Что последовало после публикации письма Нины Андреевой?
Что последовало после публикации письма Нины Андреевой?
Валентин ЧИКИН: Со времен публикации письма Нины Андреевой прошло уже почти 20 лет. Но и у меня, и, думаю, у вас, Егор Кузьмич, всё это до сих пор свежо в памяти. Но для начала и для нашего читателя, и для самих себя хорошо бы восстановить обстановку тех лет. В 1988 году уже во всю клокотали страсти в общественной жизни. В газетах и журналах, книгах, спектаклях все чаще возникали вопросы, куда движется перестройка, почему мы не получаем реальных результатов.
К этому времени наиболее объективные и опытные наблюдатели уже начали понимать и говорить о том, что у перестройки как-то сбивается шаг. Я об этом сужу хотя бы по очеркам очень хорошего нашего друга, автора «Советской России» Ивана Васильева. Это честнейший человек, он так был рад перестройке, писал вдохновенные статьи и очерки. Он, главное, хотел пропахать общественную жизнь, партийную работу, он это знал очень близко. И вдруг он начал нам сигналить: что-то происходит не так. Об этом же говорила и почта газеты. Да и на заседаниях ЦК того времени зачастую разные оценки звучали.

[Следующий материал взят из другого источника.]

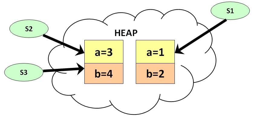 步骤6)如下图所示,s2变为null,但s3仍然指向该对象,并且不符合Java垃圾回收的条件。

И вот наша редакция получила большую пачку документов из Ленинграда. Перед этим мы опубликовали рецензию на пьесу Шатрова «Так победим!» В рецензии говорилось о том, что мы не можем в таком виде принять трактовку нашей советской истории, особенно фигуры главного нашего революционера В. И. Ленина. Были рецензии на этот спектакль также в «Правде» и «Советской культуре». И вот Нина Андреева, преподаватель химии из Ленинграда, откликнулась в своем выступлении на эти рецензии.

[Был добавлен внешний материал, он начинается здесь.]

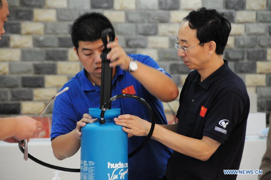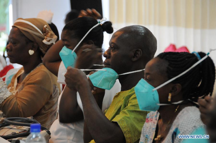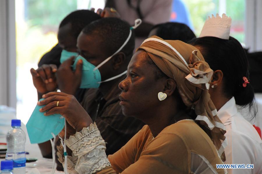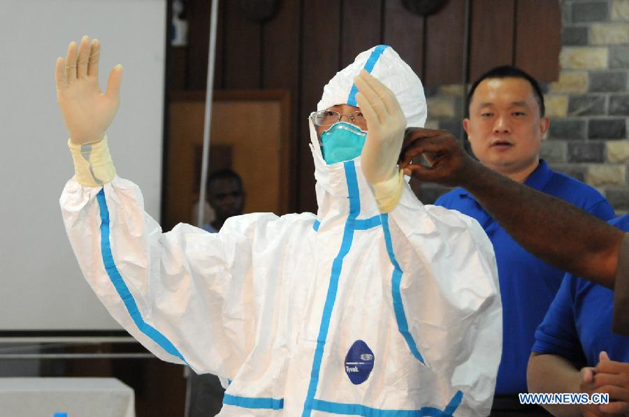 Members of Chinese medical expert team demonstrate during a training with Sierra Leone medical workers in Freetown, Sierra Leone, Aug. 14, 2014. China has sent three expert teams and medical supplies to Guinea, Liberia and Sierra Leone to assist in the prevention and control of the Ebola virus. (Xinhua/Lin Xiaowei)

Мне показалось, что это животрепещущая материя. Но материал был разрозненный, нужно было создать нечто целостное из трех документов. Я разыскал автора и спросил, не будет ли она возражать, чтобы мы помогли ей это все переделать. Она ответила, что возражать будет, она сама все это переделает. После мартовских праздников мы получили ее новый материал, уже вполне готовый. Тогда мы послали в Ленинград одного из членов редколлегии, чтобы он лично познакомился с Ниной Андреевой, узнал о ней побольше в вузе, где она работает, показал ей нашу редакционную правку. С правкой Андреева согласилась, в парткоме ее охарактеризовали положительно, как человека особенно активного в общественной жизни. К слову, муж Нины Андреевой был известным историком, заведовал кафедрой в ЛГУ. Я так полагаю, она имела возможность консультироваться с ним, обсуждать определенные вопросы. Так что в каком-то смысле это плод «семейного творчества». И, право, ничего плохого или предосудительного я в этом не вижу.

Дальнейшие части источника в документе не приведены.